Essentially, a reflex at a higher level in the spine can stop a reflex at a lower level of the spine. So yes, drinking something like pickle juice or some type of hot sauce or pepper can cause a cervical reflex response that shuts off the fatigue related reflex response causing an exercise-associated cramp. In fact, we know it can’t be related to either fluid intake or the ingestion of an electrolyte like sodium because drinking something "nasty" tends to shut off an exercise-associated cramp faster than that water or sodium can be absorbed into the body.

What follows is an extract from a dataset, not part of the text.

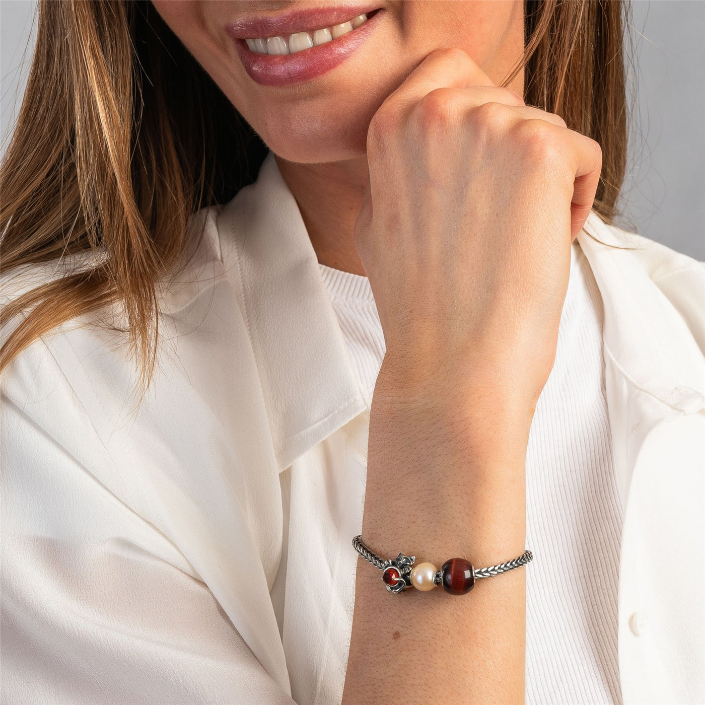 • If you use silver beads on a gold chain, be aware that some of the oxidation that sits on the silver beads will be transferred to the gold. However, this can be easily removed by polishing the chain with one of our silver polishing cloths.

Someone told me this works? Any truth to it?
Pickle Juice/Sour Foods
There’s merit to this concept. One thing that can turn off this errant nervous signal mentioned previously is another reflex higher in the spine above the part of the spine that is causing the reflex - a sort of electrical interference. A common higher spinal reflex is a “sour reflex” that occurs when our face reflexively puckers when we eat something really nasty or sour like pickle juice. So by consuming some pickle juice during an exercise associated cramp, a signal is sent down the spine that can sometimes stop a cramp. This mechanism doesn’t relieve the fatigue that initially caused the cramp, but it can be a good way to get one to temporarily stop. Results may not be the same in every athlete, but trying it won’t do harm either.
The mechanism to spicy foods deflecting cramps is the same as pickle juice/sour foods we consume. The capsaicin in spicy foods and hot sauce elicits the reflex to interfere with the signal to distract our body from the cramp we’re experiencing. If you can handle the heat, this may be a solution that works for you.

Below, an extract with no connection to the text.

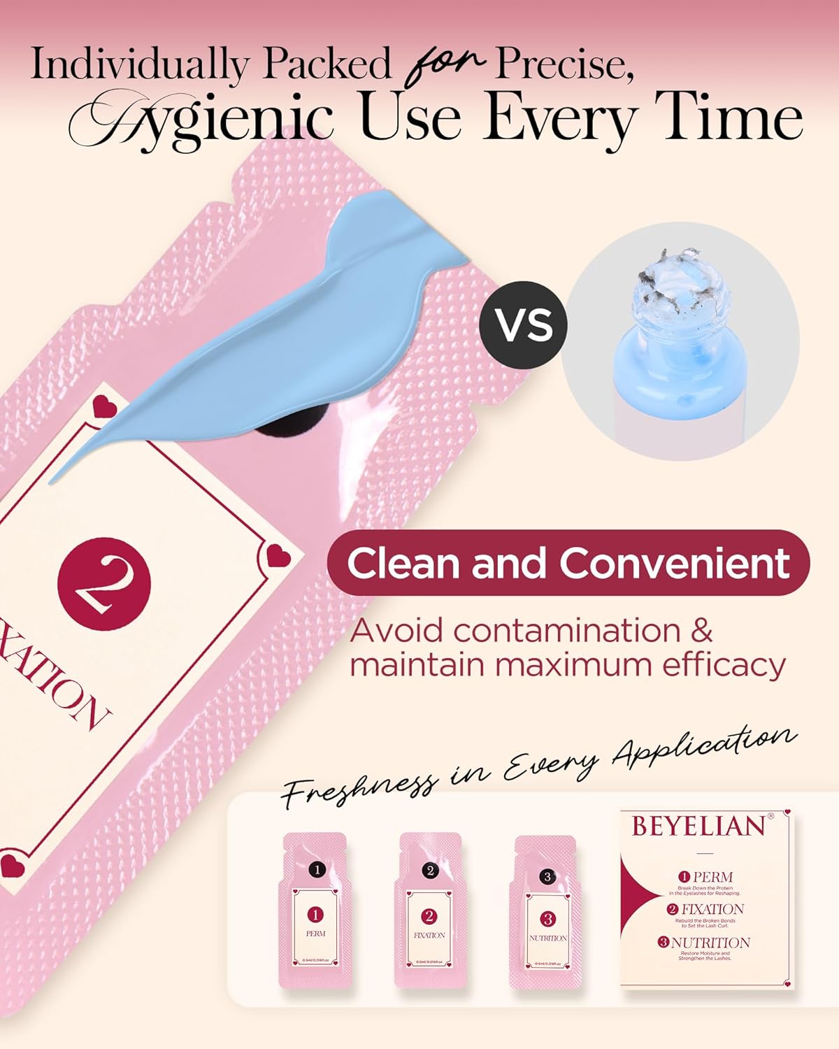 - Convenient, Hygienic, and Precise Sachets - Enjoy the convenience of pre-measured sachets, ensuring maximum hygiene and eliminating contamination risks. The controlled dosage helps avoid waste, making the eyelash lift process quick and easy while providing just the right amount of product for perfect results every time

There are currently no known links to low potassium and cramping. While adding a banana or other high potassium food prior or during exercise may help underfueling which leads to fatigue, the potassium itself is not the mechanism that prevents the cramping.
Regarding coconut water - it is not an appropriate drink for prolonged exercise where dehydration is occurring due to heavy sweating. The reason for this is that sweat is primarily made up of sodium (200-750 mg of sodium per 16 oz), whereas coconut water is primarily potassium (900-1000 mg of potassium per 16 oz). Because it's sodium that we need to replace and not potassium, drinking coconut water can actually be more harmful to us during exercise than drinking plain water.

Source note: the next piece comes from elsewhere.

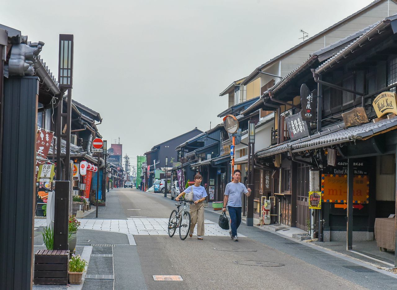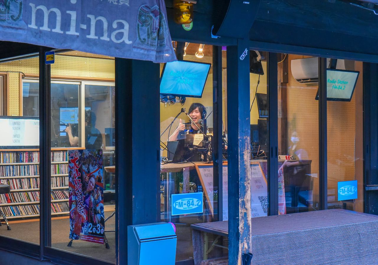 돗토리의 구라요시 거리처럼 아련한 느낌은 아니지만 교토의 기온 거리처럼 깨끗하게 정비된 모습이다. 옛 풍경 속에서 현대적인 사진관이 눈에 띄고, 길을 걷다 넓은 창 너머로 지역 라디오방송을 하는 DJ들이 모습이 이색적이다. 창 안을 들여다보니 DJ로 보이는 듯한 청년이 환한 미소를 지으며 손을 들어 엄지척을 해 보인다.

Adding magnesium to your diet if you already are sufficient in magnesium intake will not improve cramping for most athletes. Oral magnesium does not appear to have any performance benefits unless you are shown to be deficient (in which case consult your doctor for best magnesium practices and the latest information) and may not be a great method to prevent or treat cramping during training and competition.
Currently, there is no evidence that mustard or mustard packets can help reduce or prevent cramps. Some have theorized that the electrolytes in mustard, specifically sodium and potassium, can prevent leg cramps after exercise. We recommend you just enjoy mustard on your hot dogs and subs rather than relying on it for cramping.